-- Opening Marker --

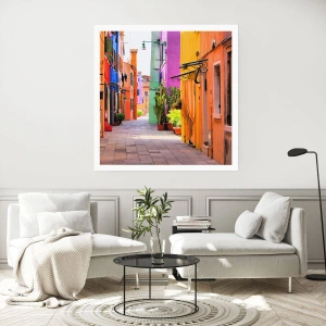 Affiche - Poster - Une rue colorée avec des plantes et des façades de bâtiments vibrantes - 50x70cm - Allée arc-en-ciel - Décoration murale moderne pour le salon et la chambre ARTTOR
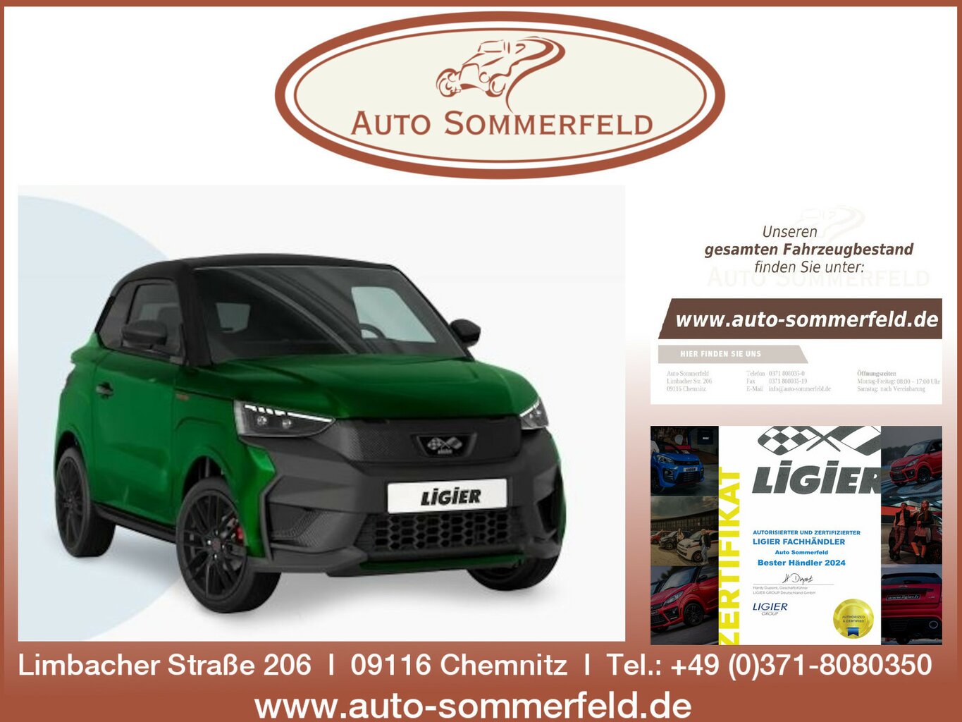 Willkommen bei Auto Sommerfeld- Ihrem Ligier Experten für Neu- und Gebrauchtwagen!Modern.Mobil.Meisterhaft. Erleben Sie die neue Freiheit mit einem Ligier- dem Spitzenreiter unter den Leichtkraftfahrzeugen. Ob als stylische City-Flitzer oder kompfortable Pendlerlösung- Ligier steht für Qualität, Sic ... |
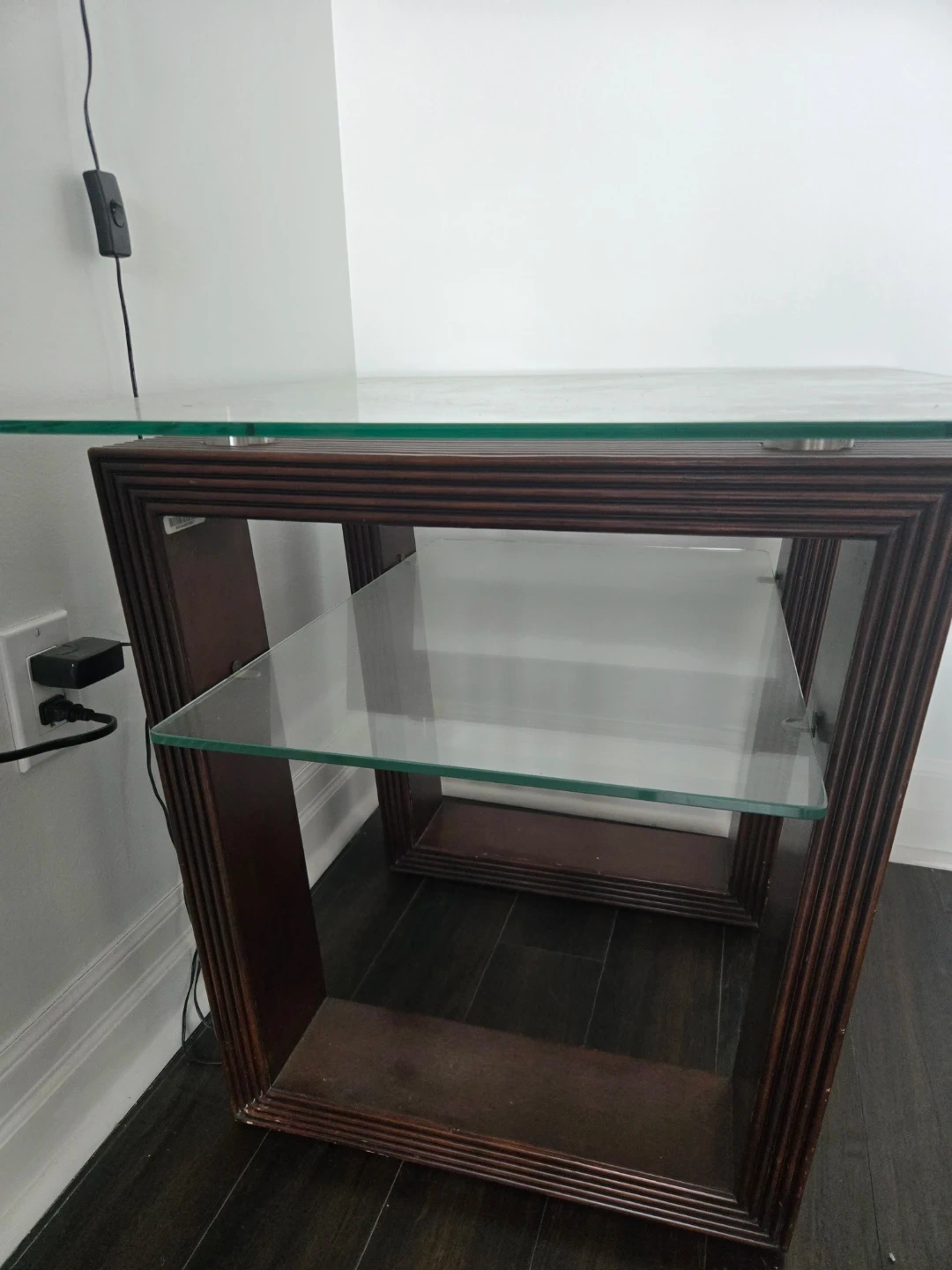 Glass side table with glass shelf in the middle, roughly 40-60 lb, dimensions are 28.5 inches in width 28.5 inch in length and 45 inches in height PICK UP ONLY
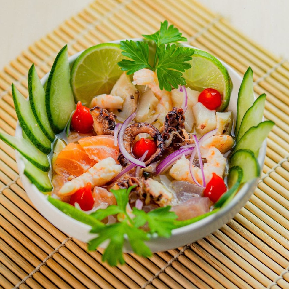 Salmão, atum, peixe branco, camarão, polvo, molho citrico, pimenta biquinho, cebola roxa

-- Closing Marker --

:: Work instruction ::
The copy should begin at the line containing "Glass side table" and end at the last line of the data above; please restate those lines word for word without the pictures.

:: Exercise result ::
 Glass side table with glass shelf in the middle, roughly 40-60 lb, dimensions are 28.5 inches in width 28.5 inch in length and 45 inches in height PICK UP ONLY
 Salmão, atum, peixe branco, camarão, polvo, molho citrico, pimenta biquinho, cebola roxa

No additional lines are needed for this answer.